Чернильные цветы, распластанные розы
Пыльцою запятых восторженно блюют,
Баюкая любовь, как синие стрекозы,
И вновь соломинки щекочут старый уд.
ЛУИ АРАГОН
(1897-1982)
СИРЕНЬ И РОЗЫ
О, срок цветения, о, срок метаморфозы!
Май был безоблачный, июнь испепелен.
Я не забуду вас вовек, сирень и розы,
И всех, кого весна покрыла мглой пелен.
Я не забуду вас, безумные приманки,
И клики, и восторг, и солнце, и войска,
Бельгийские дары - сирень на каждом танке,
Жужжание пчелы и трепет мотылька,
Слепое торжество перед началом боя,
Кровь, возвещенная алевшим следом губ,
И тех, кто обречен погибнуть в башнях, стоя
Средь веток, брошенных толпой, под звуки труб.

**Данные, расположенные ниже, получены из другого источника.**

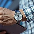 Часы Citizen AK5000-03A произведены в Японии и оснащены надёжным кварцевым механизмом калибра Citizen 6324. Корпус выполнен из нержавеющей стали и имеет классическую круглую форму диаметром 42 мм. Минеральное стеклоМинеральное стеклоМинеральное стекло представляет собой искусственно выращенный минерал кварца. Такое стекло отличается особой устойчивостью к повреждениям и царапинам. Уступает по некоторым качествам сапфировому стеклу. защищает серебристый циферблат, украшенный эффектом солнечных лучей по технологии Sunray. На циферблате расположены клиновидные стрелки в стиле Dauphine, метки в виде штрихов и римская цифра в положении 12 часов, а также индикатор фазы Луны — одно из самых востребованных усложнений в часовой классике. Часы защищены от воды по стандарту 50WR, что позволяет не бояться случайных брызг и дождя. Заводная головка отличается рифлёной поверхностью для удобства использования. Модель комплектуется синим кожаным ремешком с тиснением под кожу аллигатора и классической застёжкой. В качестве элемента питания используется батарейка SR621SW, обеспечивающая автономную работу до двух лет.
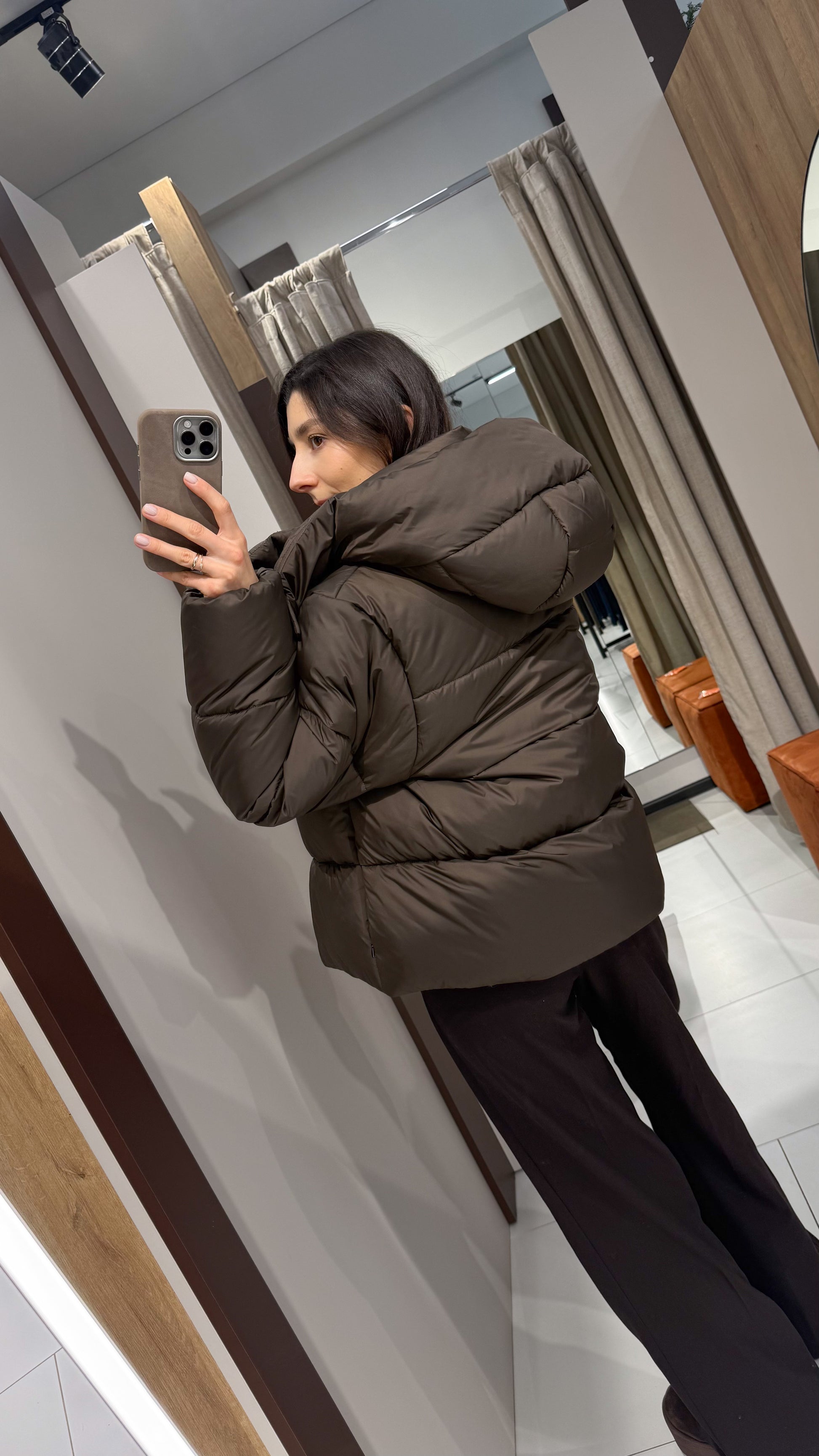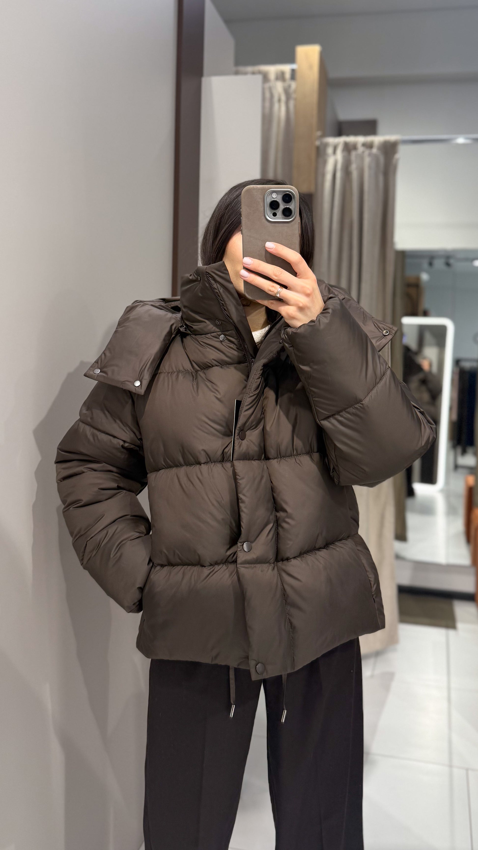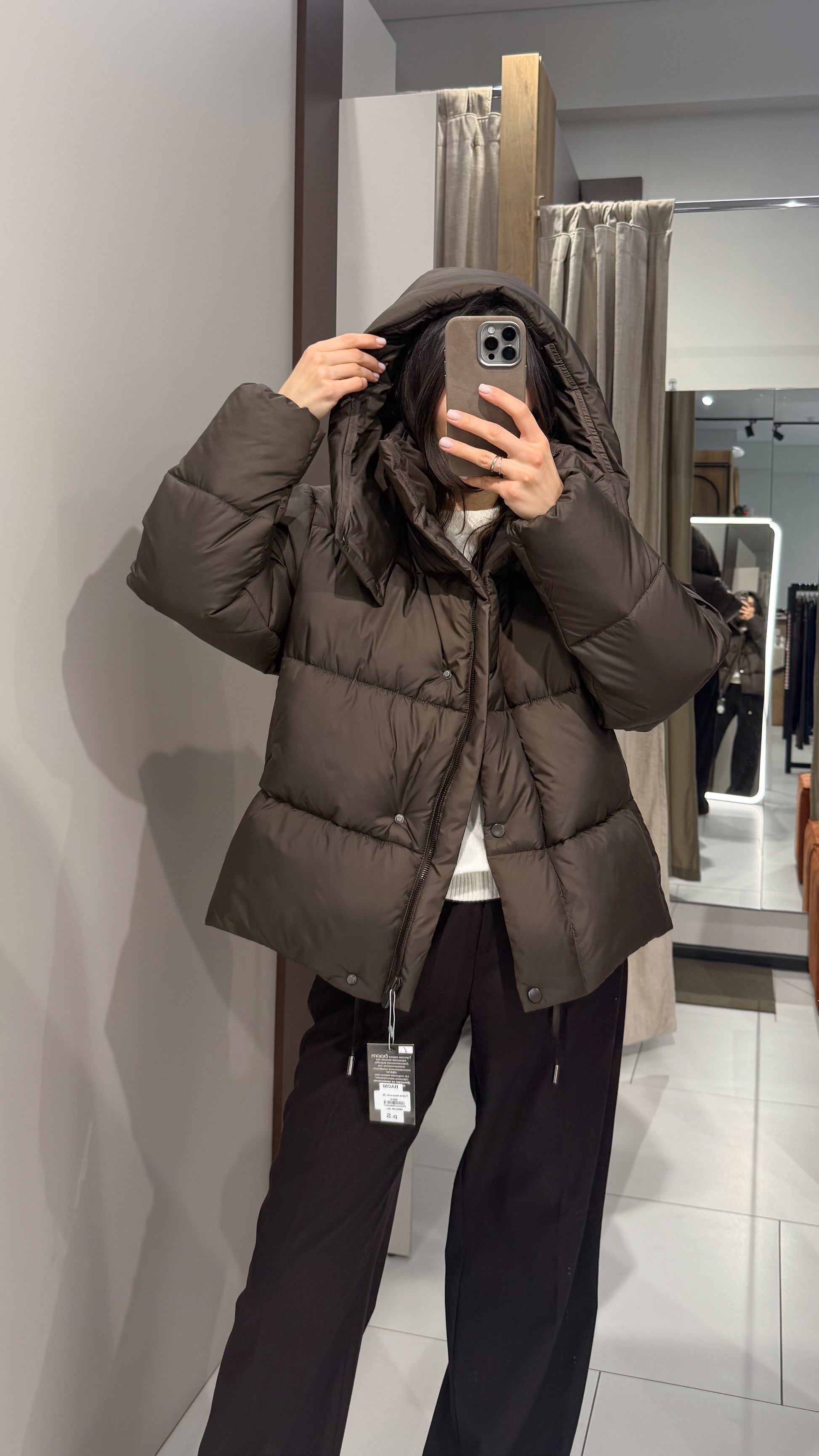 Куртка має відстібний капюшон, приховані кишені та внутрішню кулісу на талії й внизу виробу.
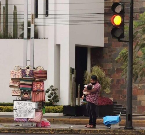 CIUDAD DE MÉXICO, 2 de septiembre.- El amor puro en su máxima expresión. Un artesano se hizo viral luego que se dieran a conocer una imágenes donde se le ve en la calle ofreciendo sus artesanías a cambio de artículos para su bebé.
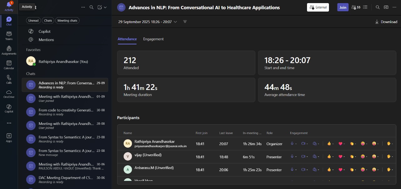 The Department of B.E. CSE (AI and ML), Paavai Engineering College (Autonomous), organized a Guest Lecture on the topic “Advances in NLP: From Conversational AI to Healthcare Applications” on 29th September 2025.
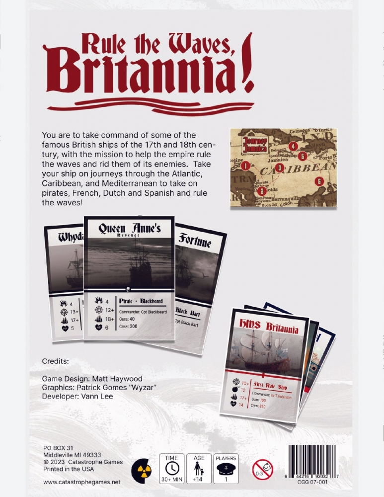 Rule the Waves, Britannia! est un jeu de cartes de guerre navale pour 1 ou 2 joueurs. Les pirates ont infesté les mers de l'Empire britannique. Vous rangerez-vous du côté de la liberté ? Ou du côté de la Reine ? À vous de choisir...
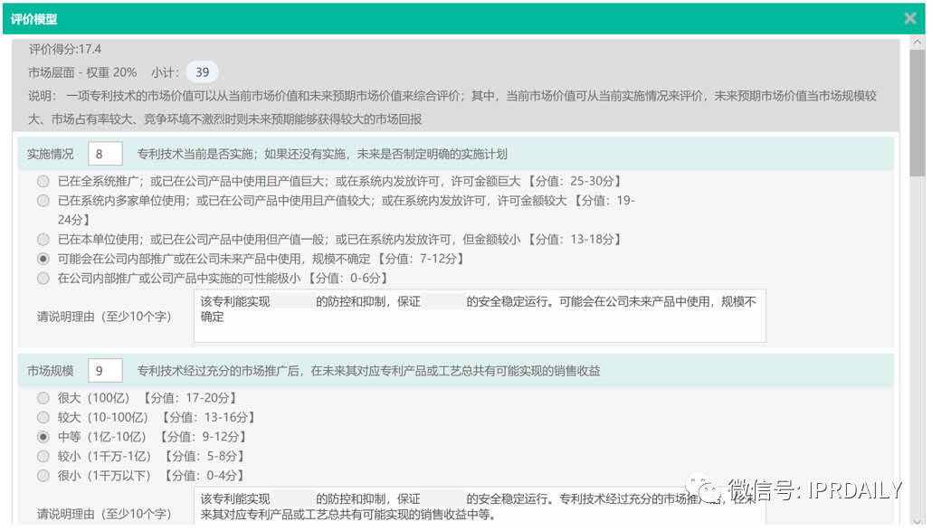 图12 innojet知识产权管理系统专利价值定性评价模块示例
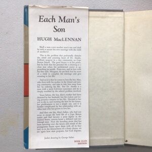 Each Man’s Son by Hugh MacLennan. This is a hardcover book. It was published by Little Brown Company in 1951. This book has 244 pages. It is approximately 8 1/2” long x 5 3/4” wide x 1” thick. This book is in great vintage condition. Binding is in great shape, slight wear to the dust cover, no writing in the book, no torn pages, no discoloration to the pages. Smoke free home.
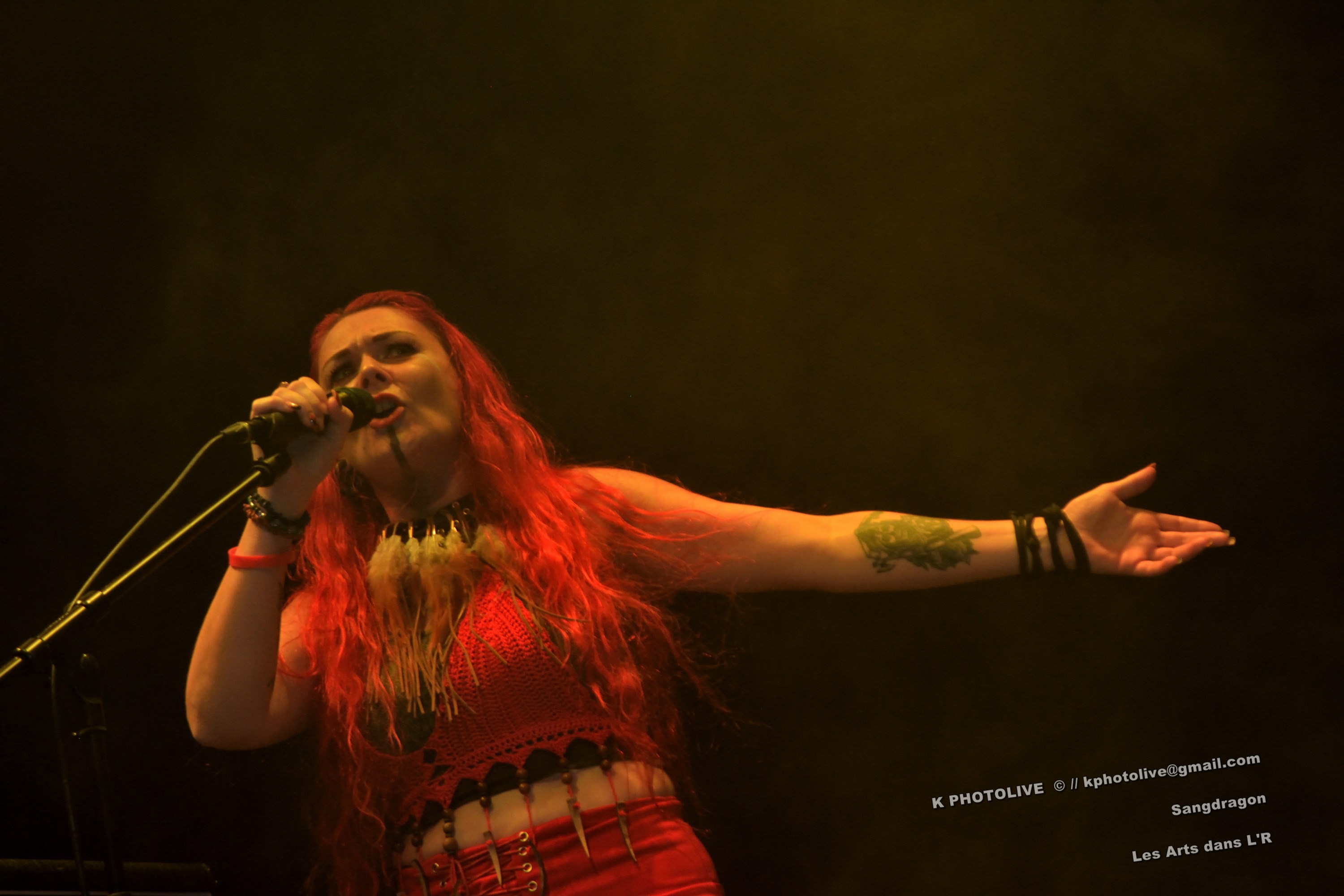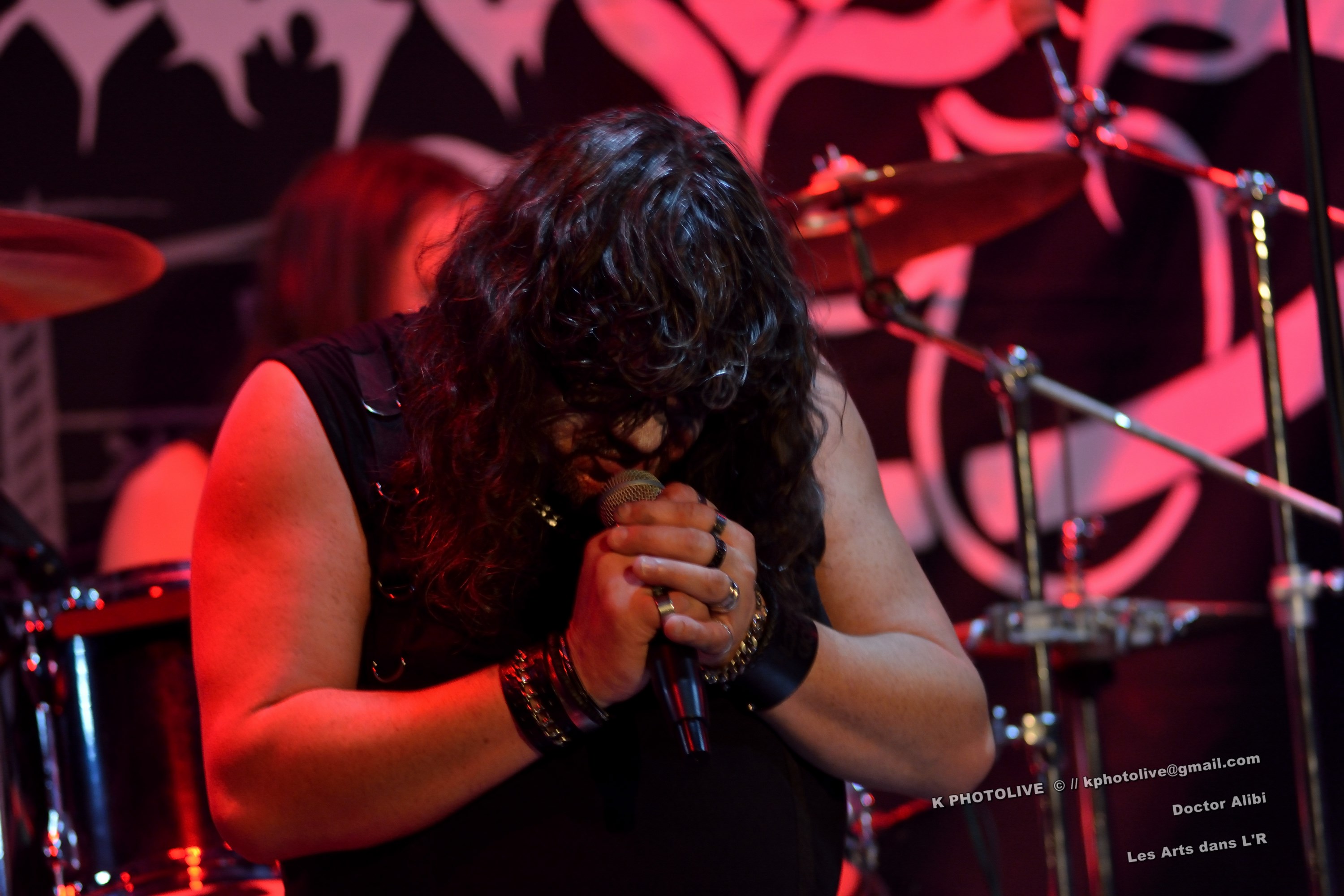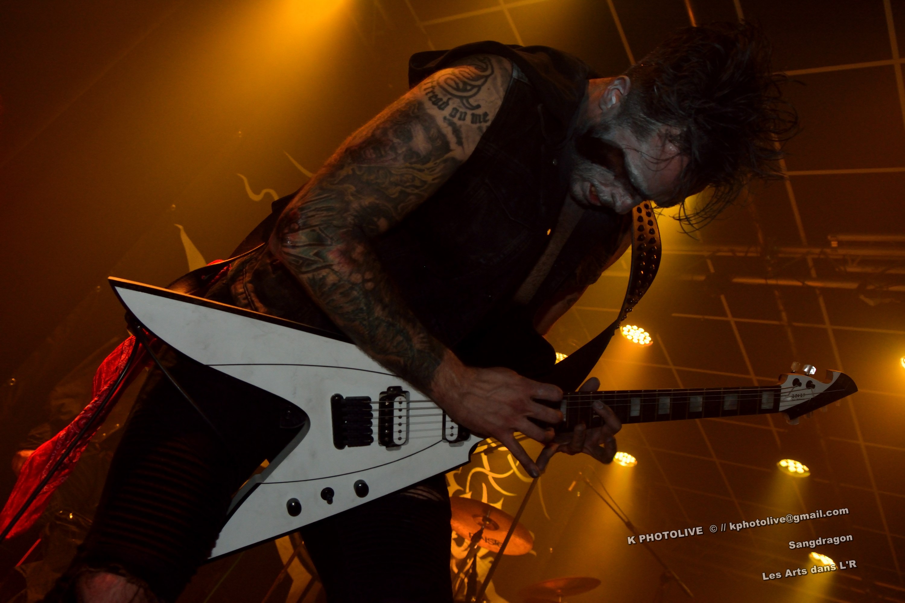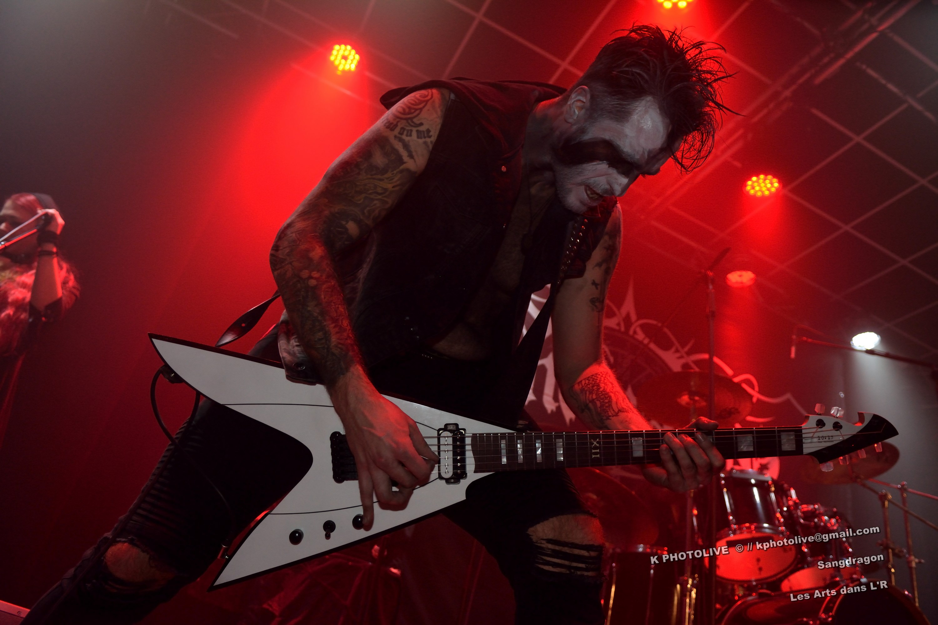 DOCTOR ALIBI est un groupe de reprises, un « coverband » né en 2015-2016, comme disent les initiés, des passionnés de hard-rock, le premier étant l'infatigable Christophe Ginet, chanteur, bien connu du côté de Leyment, entouré de ses quatre acolytes, des artistes qui ont dépassé le stade de l'adolescence, dotés d'un indéniable talent, à savoir Manu (batteur), Christophe (bassiste), Greg et Christian (guitaristes). Ils font revivre MOTÖRHEAD et l'emblématique Lemmy à travers plusieurs titres, interprètent quelques chansons des Américains NASHVILLE PUSSY (avec « Why ? 1,2,3…, par exemple), et MARILYN MANSON notamment. Tous les présents, la fourchette ou le verre à la main, s'attendaient-ils à voir et à entendre un tel spectacle en cette soirée Halloween ? Pas sûr. Quoi qu'il en soit, le quintette DOCTOR ALIBI, dans un nuage de fumée, a été chaleureusement applaudi par un public convaincu et ravi de ce set de trente minutes. (set-list en photo) Changement de plateau, mouvement dans la salle...bientôt le dessert ! Vers 21 heures 45, la musique -une autre musique !- retentit, accompagnée d'un « Sanctus ! Dominus ! » qui sonne comme venant d'outre-tombe. SANGDRAGON va jouer pendant une heure et quart son répertoire complet, des morceaux des débuts, d'autres plus récents. Mais il convient de présenter brièvement cette formation à sept têtes, qui rayonne dans la Bourgogne du Sud, la Saône-et-Loire en particulier et Mâcon avant tout, où des musiciens bien inspirés ont fondé SANGDRAGON , un groupe original, vers 2011, sur les cendres de Daemonium et Akhenaton. Les trois artisans à l'origine de la réussite de SANGDRAGON, Vincent Urbain (chant et instruments folkloriques), Will Hien (basse et chant) et Matt Asselberghs (guitare) ont été rejoints depuis 2015 par Edouard Verneret (claviers), Cynthia Marciniak (voix claire et choeurs), Denis Josserand alias Mad Joss (percussions et choeurs) et plus récemment par Paul Sordet (batterie), rapidement devenu indispensable. Les tenues médiévales, capuches et autres costumes, les épées brandies par Vincent, attirent l'attention des spectateurs, presqu'autant que le son et les mélodies, un vrai show, pour les yeux et pour les oreilles. La musique des Bourguignons s'inscrit dans la catégorie death-black symphonique et médiéval avec choeurs. Cet « équipage » génère une atmosphère de mysticisme ésotérique qu'on imagine aisément dans une cathédrale. Les voix -graves, rauques, gutturales-, les instruments, les choeurs -et le talent !-font de SANGDRAGON une formation atypique qui n'a pas de mal à plonger auditeurs et spectateurs, les yeux fermés, dans un univers magique, sorte de monde des ténèbres et, il faut le dire, d'une réelle beauté. Pas de temps mort, des chansons variées, rien de linéaire ou de répétitif, la preuve : le public est conquis, les gens se lèvent, applaudissent, tentent de « bouger » entre les tables et les chaises, frappent des mains... Pas de conflit de générations entre ces colosses que sont Vincent et Will, impressionnants sur le devant de la scène, dont l'expérience saute aux yeux, et Matt, lui aussi imposant, d'une part, et Paul, discret et tellement efficace derrière ses fûts, d'autre part, entourés de Cynthia, Denis et Edouard, déjà cités, sans qui SANGDRAGON ne serait qu'un groupe de metal classique. Un bref répit et on embraye sur un genre plus nuancé d'où ressortent nettement les claviers et les percussions, et sans préavis tout s'emballe, Matt bondit dans la salle pour quelques secondes, on s'achemine vers un beau final, une sorte d'apothéose, avec des titres comme « Final Battle » (Akhenaton) et « Game Of Thrones (Cover). Un rappel s'impose, on entendra alors « The Serpent's Wheel », une chanson de THE SEVEN GATES, ancien groupe de Vincent. « Bravo et merci ! » Les gens sont heureux, beaucoup ont découvert une musique, un style, des artistes authentiques...qui eux-mêmes sont en droit d'être fiers de leur prestation, différente de celles auxquelles on a pu assister dans certains concerts. Configuration particulière, on imagine sans peine ce qu'aurait été un »concert debout », mais n'ayons pas trop de regrets, nous étions comme au théâtre, assis. Et nous avons assisté à une belle pièce. Il convient d'adresser un grand merci à ceux et celles qui ont assuré la réussite de cette soirée « pas comme les autres », les musiciens, les bénévoles, le public, et bien sûr, le maître des lieux, Raphaël. |

Я не забуду вас, французские селенья,
Сады иль требники исчезнувших веков,
Загадки тишины, закаты и томленья
И розы вдоль дорог, на всем пути полков,
Цветенье вопреки всем веяньям позора,
Всей буре ужаса, сорвавшейся с цепей,
Насмешке батарей, неистовству моторов
И жалкой пышности бегущих лагерей.
Не знаю, почему, но вихрь воспоминаний
Меня уносит вновь, как в тайну всех тревог,
К Сент-Марту. Генерал. Кустарники в тумане.
За лесом дымчатым нормандский городок.
Всё замерло. Но враг в тени таит угрозы.
В тот день сказали нам: "Без боя сдан Париж!"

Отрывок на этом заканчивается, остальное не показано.